* **Supplied data**
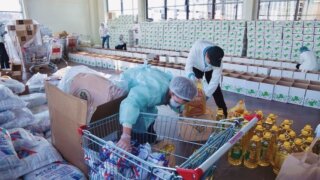 Волонтёры работают как хорошо отлаженный механизм – одни отвечают на звонки и составляют списки нуждающихся, другие – собирают пожертвования, третьи – сортируют продукты, привезённые предпринимателями, и развозят продуктовые корзины многодетным, малоимущим, а также пожилым людям. В продуктовой корзине более 10 товаров – мука, консервы, макароны, масло, хлеб, крупы, овощи, моющие средства, иногда печенье и конфеты. Что очень важно, – волонтёры соблюдают все меры безопасности: измеряют тепловизором температуру, носят маски и одноразовые халаты.
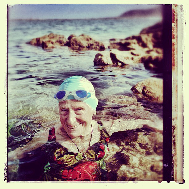 Bernarda Angulo, ‘Berni», la campeona de natación en categoría ‘master’ de 97 años, con varios récords mundiales, falleció en el hospital Doctor Negrín de Las Palmas de Gran Canaria al día siguiente de publicarse el reportaje que le hice para EL PAÍS SEMANAL, ilustrado con una versión sin retoques de esta imagen. Foto: LUIS ROCA ARENCIBIA
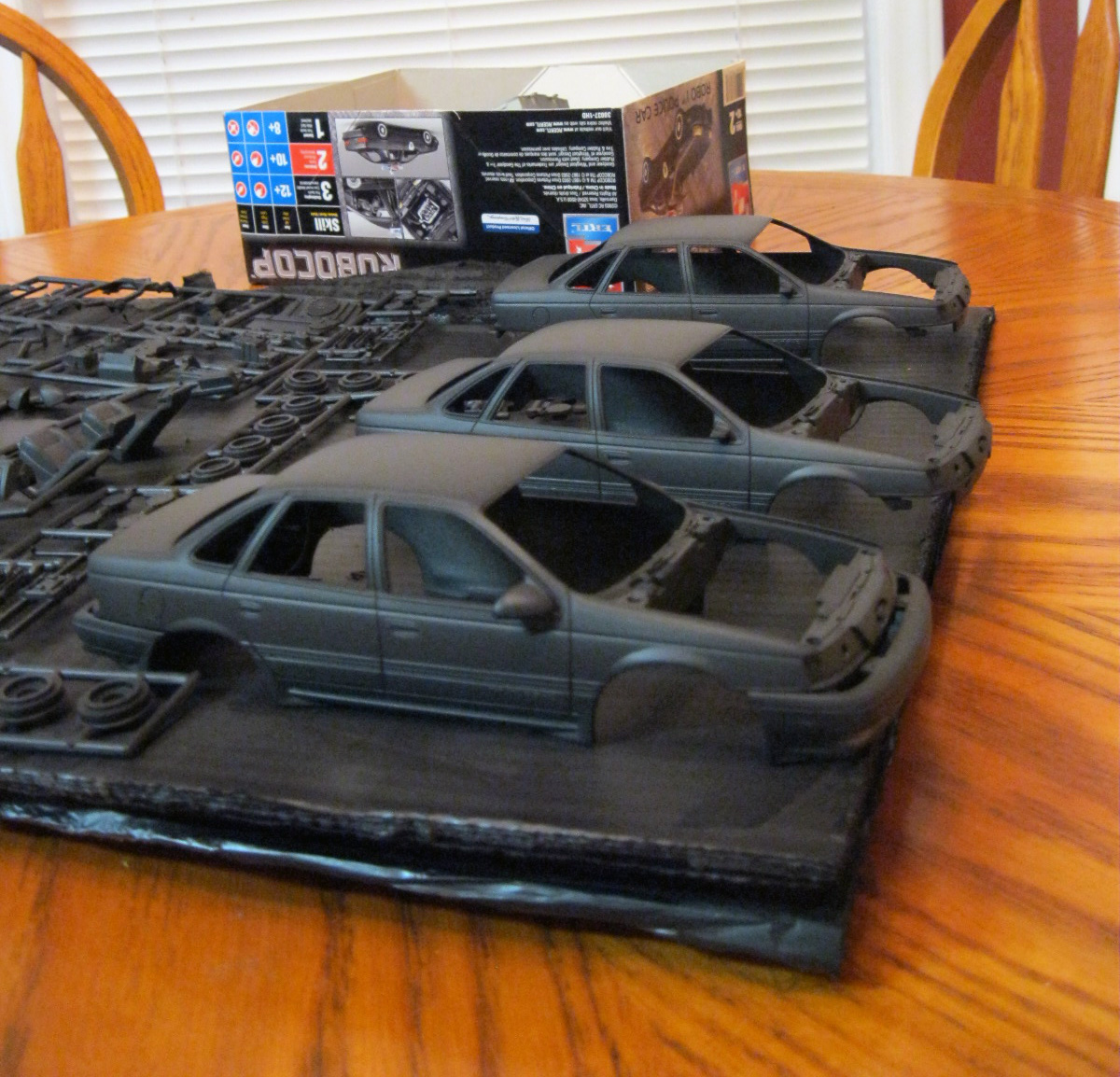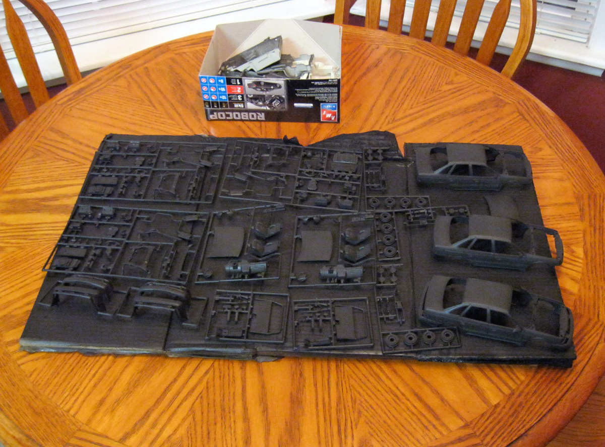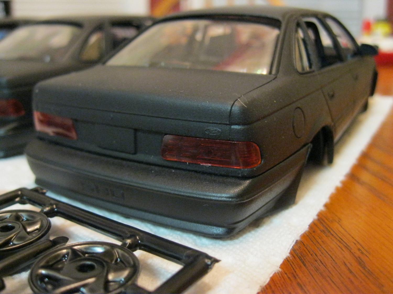 Anyways, as I said, in a fit of randomness and not really having a good day for painting (it's damp outside, so I'd normally not take on a spray project during this kind of weather), I just decided that I'd jump on these. I took out all 3 of the kits I had leftover, a can of Kyrlon Fusion flat blat, and went to town. So far, these are my results: http://www.toyark.com/attachment.php...1&d=1315441313 http://www.toyark.com/attachment.php...1&d=1315441313 http://www.toyark.com/attachment.php...1&d=1315441313 http://www.toyark.com/attachment.php...1&d=1315441313 http://www.toyark.com/attachment.php...1&d=1315441313 http://www.toyark.com/attachment.php...1&d=1315441313 . . . . and you'll see I ran out of paint: I'll be honest, I don't entirely know all of my plans yet for these. As I said, the Ford Taurus SHO was not the model of car used in any of the movies, but this is simply the kit I'm stuck with. I don't really have any plans to de-SHO it, other than maybe removing the "SHO" letters from the rear bumper (i.e., the headlights and brake lights are different between the SHO and other models of Taurus). A part of me wants to make at least one of them "pristine" and "movie accurate", but I'm not sure. What I DO intend to do with one of them is to create one that is from the opening sequence of Robocop 2: http://www.toyark.com/attachment.php...1&d=1315442081 If you've seen the movie, then you'll know what I'm talking about. I've also mulled around the idea of at least replicating the project to put up for sale. Anyways, I thought I'd share this progress with you guys :) Also, just a little bit of personal trivia of ol' SQ7, he used to have not one, but two actual Tauruses (though neither were movie replicas). :D |

* **Your assignment**
The lines above must be transcribed exactly, with every picture left out.

* **Problem solution**
 Волонтёры работают как хорошо отлаженный механизм – одни отвечают на звонки и составляют списки нуждающихся, другие – собирают пожертвования, третьи – сортируют продукты, привезённые предпринимателями, и развозят продуктовые корзины многодетным, малоимущим, а также пожилым людям. В продуктовой корзине более 10 товаров – мука, консервы, макароны, масло, хлеб, крупы, овощи, моющие средства, иногда печенье и конфеты. Что очень важно, – волонтёры соблюдают все меры безопасности: измеряют тепловизором температуру, носят маски и одноразовые халаты.
 Bernarda Angulo, ‘Berni», la campeona de natación en categoría ‘master’ de 97 años, con varios récords mundiales, falleció en el hospital Doctor Negrín de Las Palmas de Gran Canaria al día siguiente de publicarse el reportaje que le hice para EL PAÍS SEMANAL, ilustrado con una versión sin retoques de esta imagen. Foto: LUIS ROCA ARENCIBIA
 Anyways, as I said, in a fit of randomness and not really having a good day for painting (it's damp outside, so I'd normally not take on a spray project during this kind of weather), I just decided that I'd jump on these. I took out all 3 of the kits I had leftover, a can of Kyrlon Fusion flat blat, and went to town. So far, these are my results: http://www.toyark.com/attachment.php...1&d=1315441313 http://www.toyark.com/attachment.php...1&d=1315441313 http://www.toyark.com/attachment.php...1&d=1315441313 http://www.toyark.com/attachment.php...1&d=1315441313 http://www.toyark.com/attachment.php...1&d=1315441313 http://www.toyark.com/attachment.php...1&d=1315441313 . . . . and you'll see I ran out of paint: I'll be honest, I don't entirely know all of my plans yet for these. As I said, the Ford Taurus SHO was not the model of car used in any of the movies, but this is simply the kit I'm stuck with. I don't really have any plans to de-SHO it, other than maybe removing the "SHO" letters from the rear bumper (i.e., the headlights and brake lights are different between the SHO and other models of Taurus). A part of me wants to make at least one of them "pristine" and "movie accurate", but I'm not sure. What I DO intend to do with one of them is to create one that is from the opening sequence of Robocop 2: http://www.toyark.com/attachment.php...1&d=1315442081 If you've seen the movie, then you'll know what I'm talking about. I've also mulled around the idea of at least replicating the project to put up for sale. Anyways, I thought I'd share this progress with you guys :) Also, just a little bit of personal trivia of ol' SQ7, he used to have not one, but two actual Tauruses (though neither were movie replicas). :D |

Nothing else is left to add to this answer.